9 Agosto 2019 News Orient Express


Di recente, il Dipartimento al Tesoro degli Stati Uniti ha inserito la Cina tra i “manipolatori del tasso di cambio”, violando le regole multilaterali e andando a distruggere il consenso globale. Quest’azione estremamente irresponsabile e brutta non solo danneggerà il mondo ma porterà essi stessi a mangiare il proprio amaro frutto.

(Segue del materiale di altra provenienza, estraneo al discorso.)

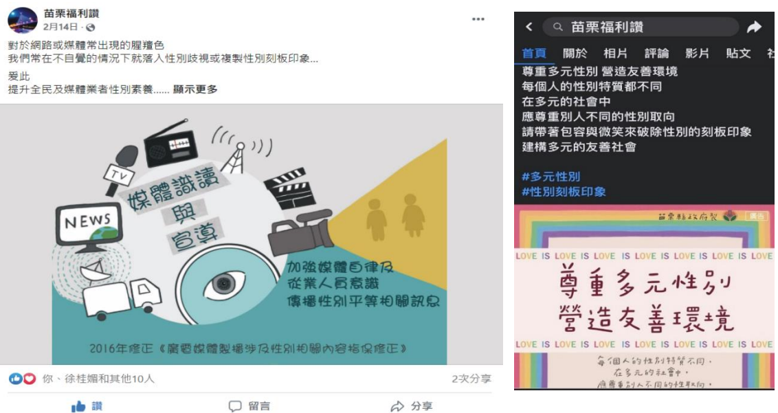
↑圖 4：每月於官方社群臉書平台「苗栗福利讚」貼文宣傳

為因應各式宣導管道，如結合會議、課程、活動、宣導專班等實體形式，或是運用社群網路宣導(Line、臉書、網頁登載)等數位形式，巧思規劃多項豐富實用性兼備之系列教材，包含三角桌牌、立地式展示架、海報、臉書梗圖、多媒體影音檔等，並應用於多項宣導品印製，提供本府各局處中心運用各種傳播途徑，讓各主題的 CEDAW 知識快速有效散播出去！

Allo stato attuale, unilateralismo e protezionismo sono in aumento e anche i rischi al ribasso che il mondo si trova ad affrontare stanno crescendo. Quali due maggiori economie mondiali e della catena del valore globale, le relazioni economiche e commerciali bilaterali influenzano le prospettive di crescita economica globale. Dallo scorso anno, gli Stati Uniti hanno alzato le tariffe doganali sulla Cina, danneggiando non solo il commercio e gli affari bilaterali, ma arrecando anche un grave impatto agli investimenti e ai consumi globali. Di recente, gli Stati Uniti hanno palesemente violato i criteri di riconoscimento per l’elenco di monitoraggio delle politiche sui tassi di cambio da essi stessi pubblicati nel 2016, e forzatamente elencato la Cina tra i “manipolatori della valuta”, il che avrà senza dubbio un ulteriore impatto sulle relazioni bilaterali, innescherà turbolenze nei mercati finanziari globali e ostacolerà seriamente il commercio internazionale e la ripresa economica globale.

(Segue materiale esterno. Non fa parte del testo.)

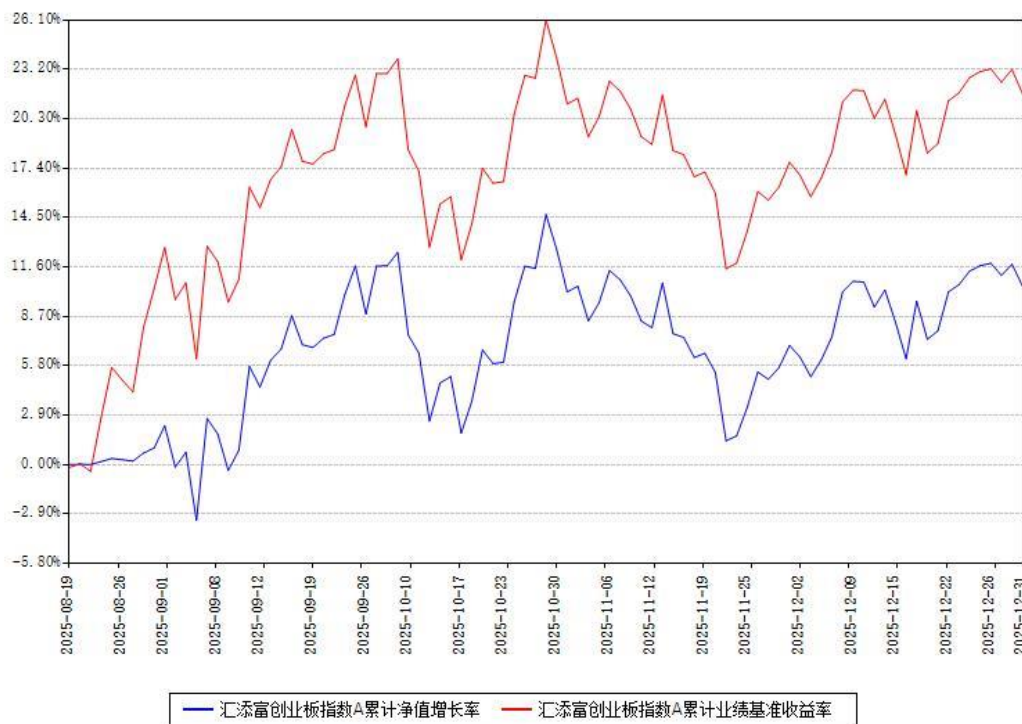
汇添富创业板指数A累计净值增长率与同期业绩基准收益率对比图

Secondo il Wall Street Journal, definire la Cina “manipolatore della valuta” trasmette un brutto messaggio al mercato finanziario, comportando maggiori rischi per la crescita economica degli Stati Uniti. L’ex segretario al Tesoro degli Stati Uniti Lawrence Summers ha sottolineato che l’elencazione degli Stati Uniti della Cina come “manipolatore della valuta” non è in linea con la verità e minerà la credibilità del governo degli Stati Uniti.

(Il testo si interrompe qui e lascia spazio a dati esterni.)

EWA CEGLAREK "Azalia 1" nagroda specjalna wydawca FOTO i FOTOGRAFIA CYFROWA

Dalla crisi finanziaria asiatica del 1997 alla crisi finanziaria globale del 2008 fino alle controversie commerciali provocate dagli USA a partire dal 2018, la Cina ha sempre aderito al sistema di cambi determinato dal mercato, senza intraprendere una svalutazione competitiva né utilizzare il tasso di cambio come strumento politico contro le agitazioni esterne, e riflettendo tramite queste azioni effettive la propria responsabilità di grande economia nei confronti della crescita globale. Qualsiasi siano le voci sparse da alcune persone negli Stati Uniti sul tasso di cambio del RMB, non potranno ingannare la comunità internazionale. Essi stessi pagheranno il doppio costo sia della recessione economica che della perdita del credito statale.